▸ GOAL OF THE EXERCISE:
I would like the lines below, from the one with "十五分钟K线窄幅震荡,布林带" through the one with "Macabre post-punk cabaret", copied exactly and without any pictures.

▸ ENTRIES SHOWN:
▼
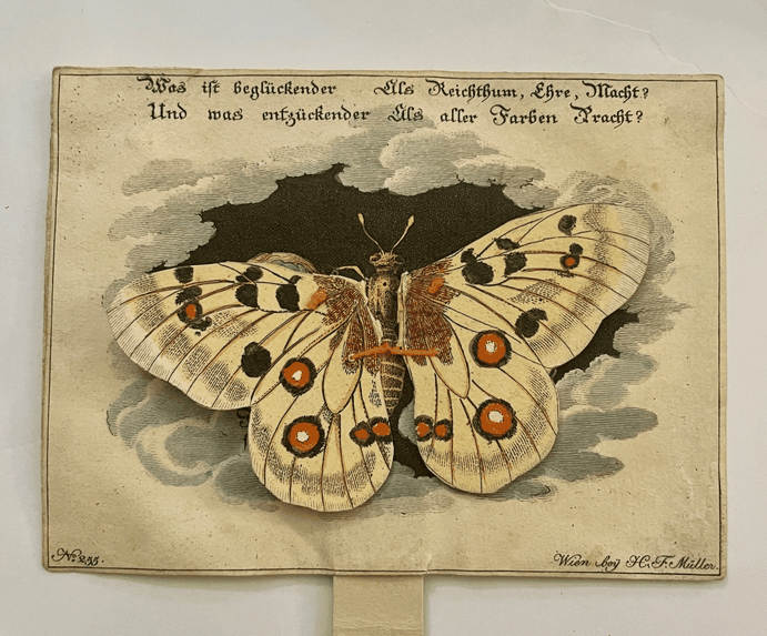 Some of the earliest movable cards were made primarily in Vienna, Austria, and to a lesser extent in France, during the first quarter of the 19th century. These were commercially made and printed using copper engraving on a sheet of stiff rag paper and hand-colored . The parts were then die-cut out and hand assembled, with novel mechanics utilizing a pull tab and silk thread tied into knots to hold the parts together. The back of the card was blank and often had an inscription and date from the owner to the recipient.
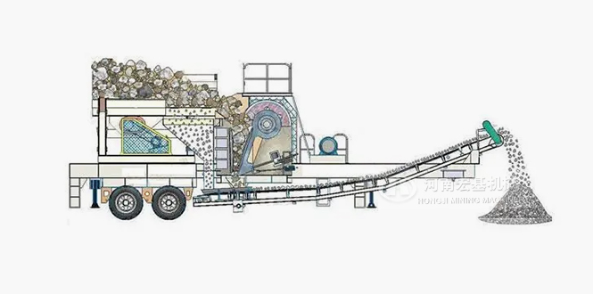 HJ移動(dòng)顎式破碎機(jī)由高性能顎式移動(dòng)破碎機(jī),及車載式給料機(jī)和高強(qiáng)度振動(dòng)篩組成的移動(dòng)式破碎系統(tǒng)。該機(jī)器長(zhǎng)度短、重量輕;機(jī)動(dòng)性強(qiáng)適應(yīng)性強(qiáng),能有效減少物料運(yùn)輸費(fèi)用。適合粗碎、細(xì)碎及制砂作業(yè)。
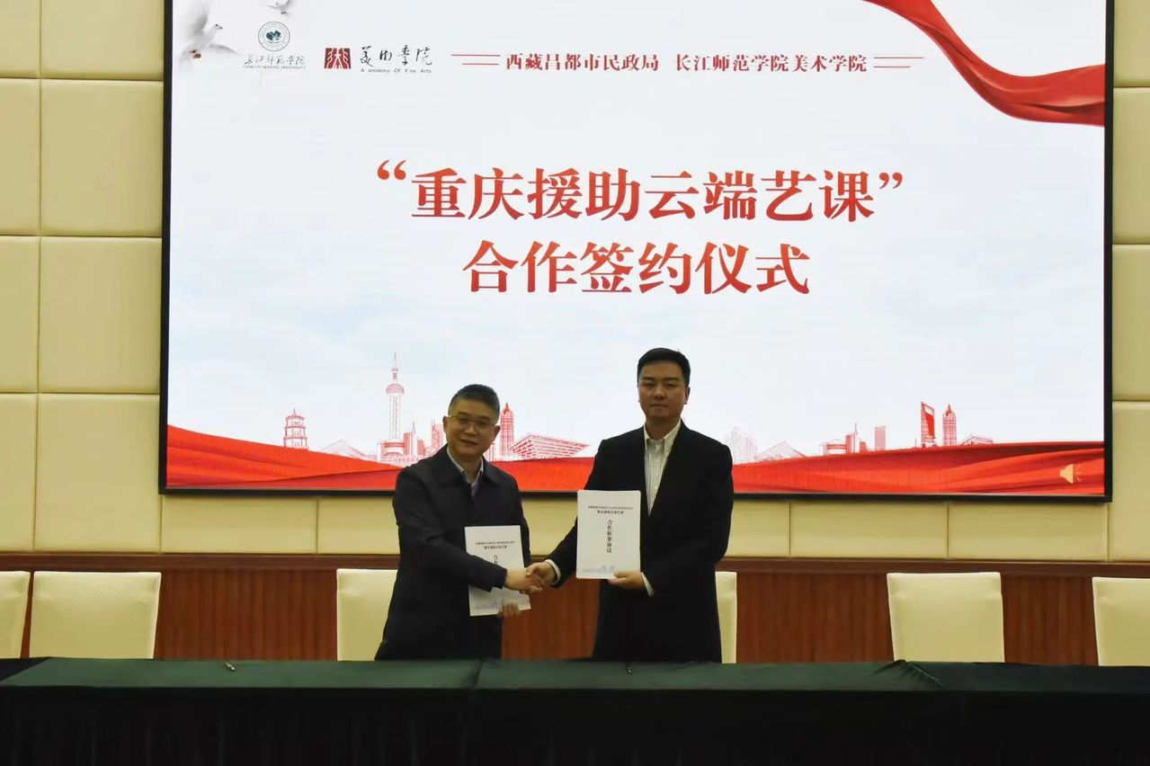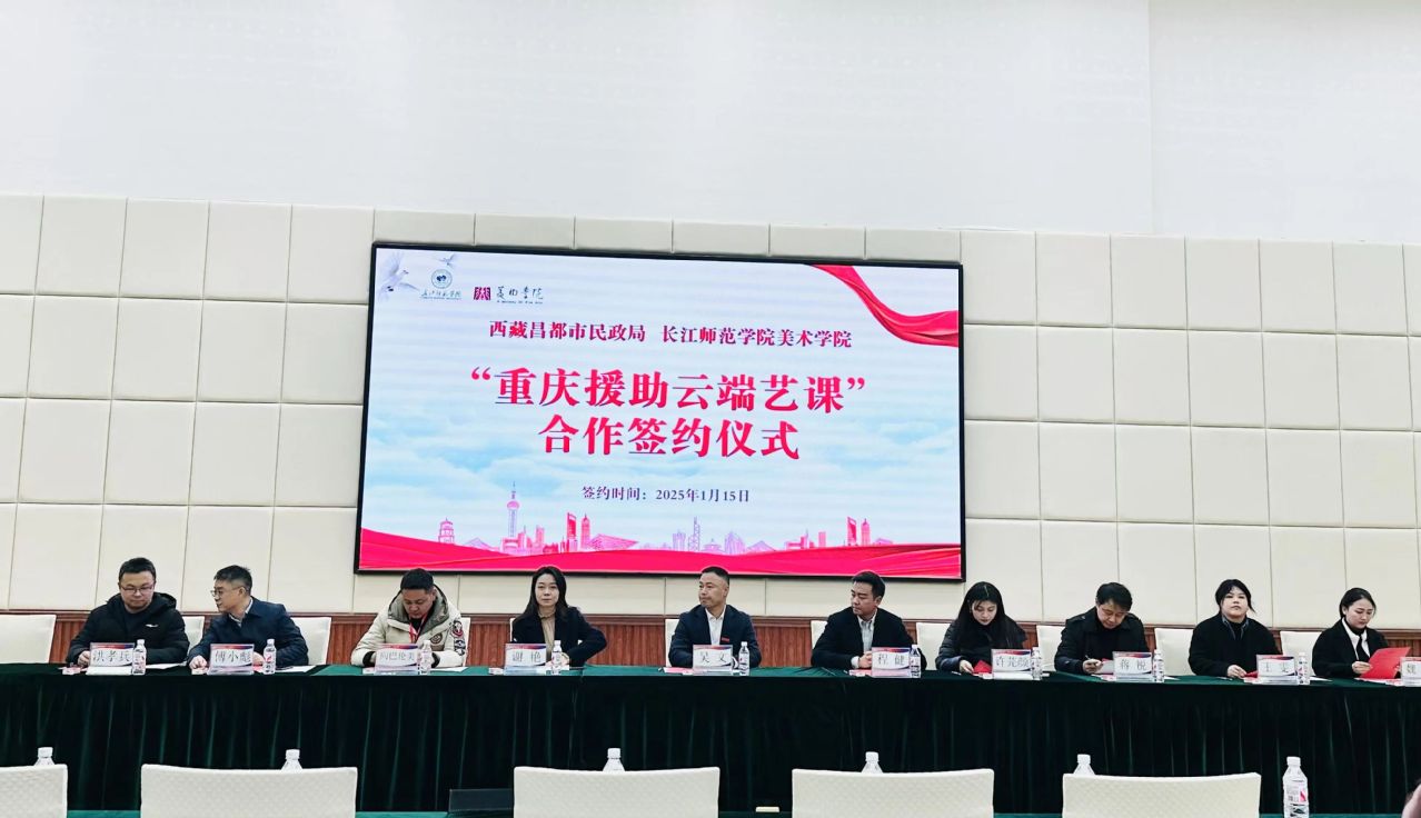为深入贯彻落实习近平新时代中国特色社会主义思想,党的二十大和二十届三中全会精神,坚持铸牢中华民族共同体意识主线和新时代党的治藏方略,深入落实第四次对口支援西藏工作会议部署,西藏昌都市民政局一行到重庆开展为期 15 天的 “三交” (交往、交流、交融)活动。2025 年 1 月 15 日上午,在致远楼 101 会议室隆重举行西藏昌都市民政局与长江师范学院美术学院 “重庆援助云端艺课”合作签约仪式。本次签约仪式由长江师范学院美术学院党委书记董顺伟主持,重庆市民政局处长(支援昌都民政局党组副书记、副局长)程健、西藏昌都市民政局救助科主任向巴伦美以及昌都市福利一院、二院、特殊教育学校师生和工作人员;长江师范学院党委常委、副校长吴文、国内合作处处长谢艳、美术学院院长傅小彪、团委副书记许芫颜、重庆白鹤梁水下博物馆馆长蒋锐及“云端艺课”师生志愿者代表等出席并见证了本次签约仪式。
▲
▼
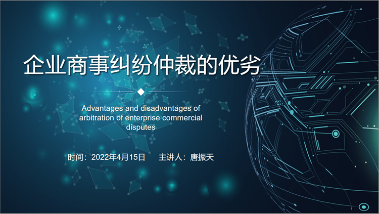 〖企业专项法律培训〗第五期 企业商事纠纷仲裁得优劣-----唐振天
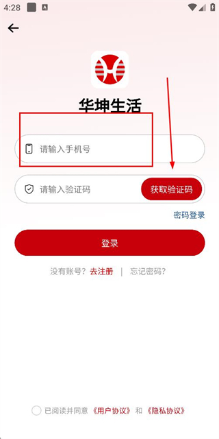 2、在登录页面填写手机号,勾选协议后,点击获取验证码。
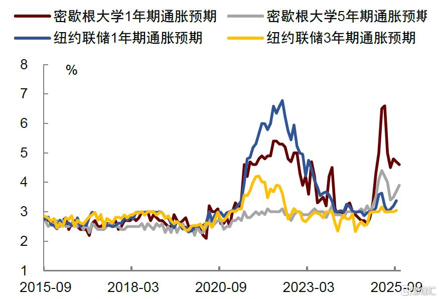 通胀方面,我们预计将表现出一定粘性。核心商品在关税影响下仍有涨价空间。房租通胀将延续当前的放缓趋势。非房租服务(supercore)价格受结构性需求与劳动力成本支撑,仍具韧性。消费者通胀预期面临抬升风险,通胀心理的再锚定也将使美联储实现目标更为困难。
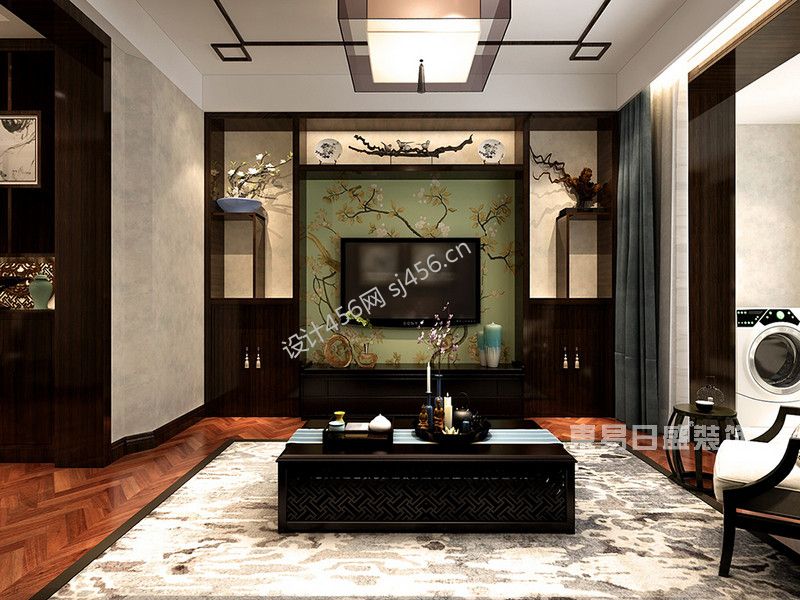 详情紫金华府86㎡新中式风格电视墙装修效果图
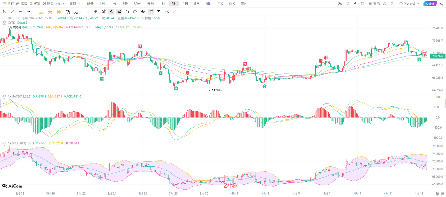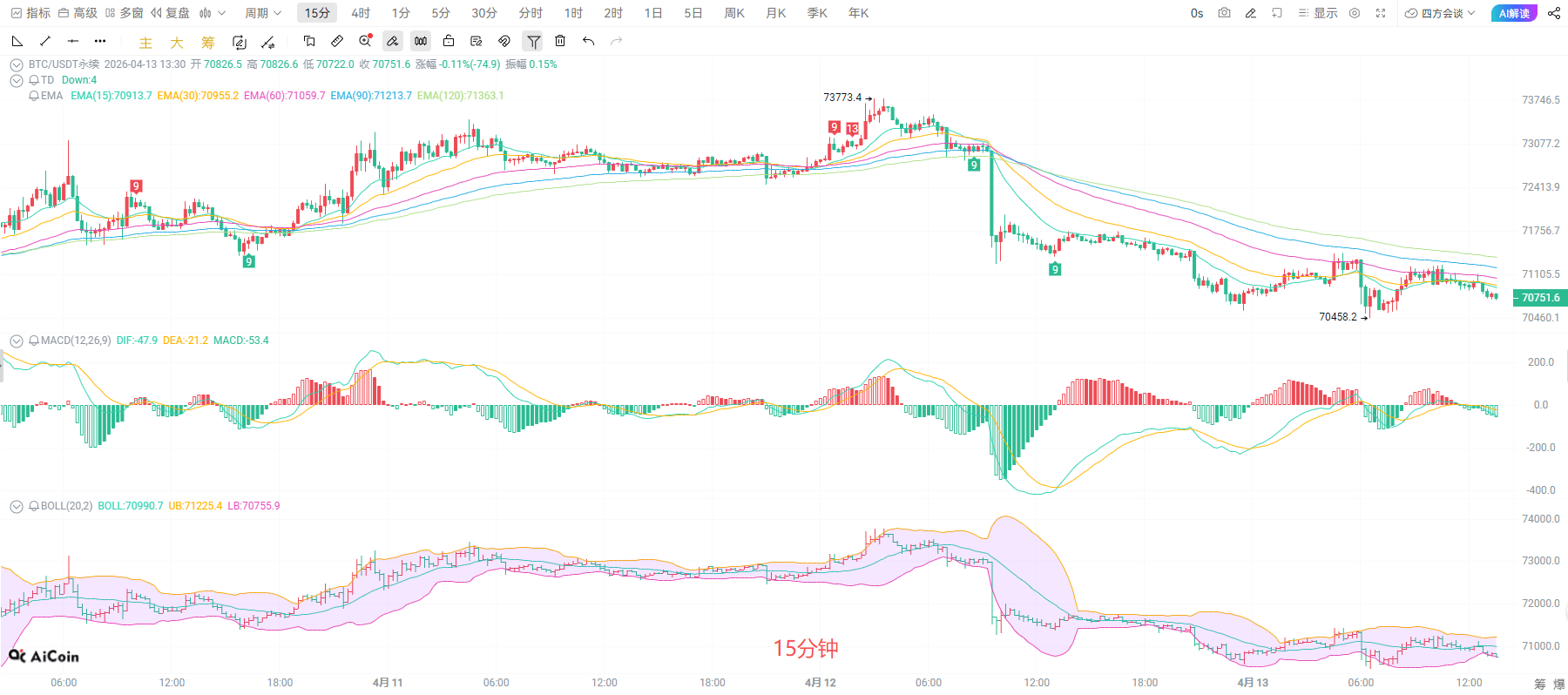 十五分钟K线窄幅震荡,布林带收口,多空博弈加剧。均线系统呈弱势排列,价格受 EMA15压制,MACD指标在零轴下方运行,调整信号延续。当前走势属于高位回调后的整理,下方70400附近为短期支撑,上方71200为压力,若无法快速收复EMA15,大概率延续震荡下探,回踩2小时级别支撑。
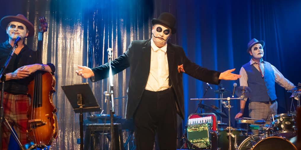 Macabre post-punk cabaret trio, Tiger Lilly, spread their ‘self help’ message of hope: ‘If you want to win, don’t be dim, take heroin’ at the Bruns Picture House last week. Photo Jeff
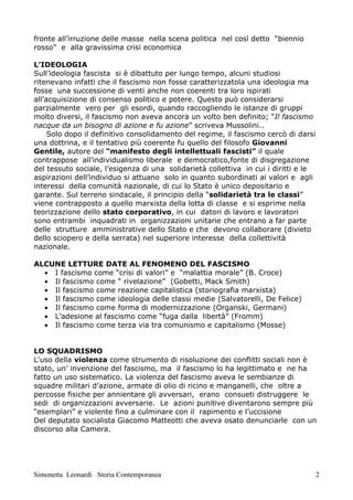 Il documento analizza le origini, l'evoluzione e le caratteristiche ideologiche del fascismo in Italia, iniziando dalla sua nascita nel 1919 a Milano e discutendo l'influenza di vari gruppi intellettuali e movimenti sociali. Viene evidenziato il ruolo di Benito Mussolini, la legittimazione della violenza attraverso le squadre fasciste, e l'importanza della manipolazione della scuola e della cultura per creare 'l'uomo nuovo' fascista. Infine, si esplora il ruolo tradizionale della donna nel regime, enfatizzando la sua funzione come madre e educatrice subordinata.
▲
▸ EXERCISE RESULT:
 十五分钟K线窄幅震荡,布林带收口,多空博弈加剧。均线系统呈弱势排列,价格受 EMA15压制,MACD指标在零轴下方运行,调整信号延续。当前走势属于高位回调后的整理,下方70400附近为短期支撑,上方71200为压力,若无法快速收复EMA15,大概率延续震荡下探,回踩2小时级别支撑。
 Macabre post-punk cabaret trio, Tiger Lilly, spread their ‘self help’ message of hope: ‘If you want to win, don’t be dim, take heroin’ at the Bruns Picture House last week. Photo Jeff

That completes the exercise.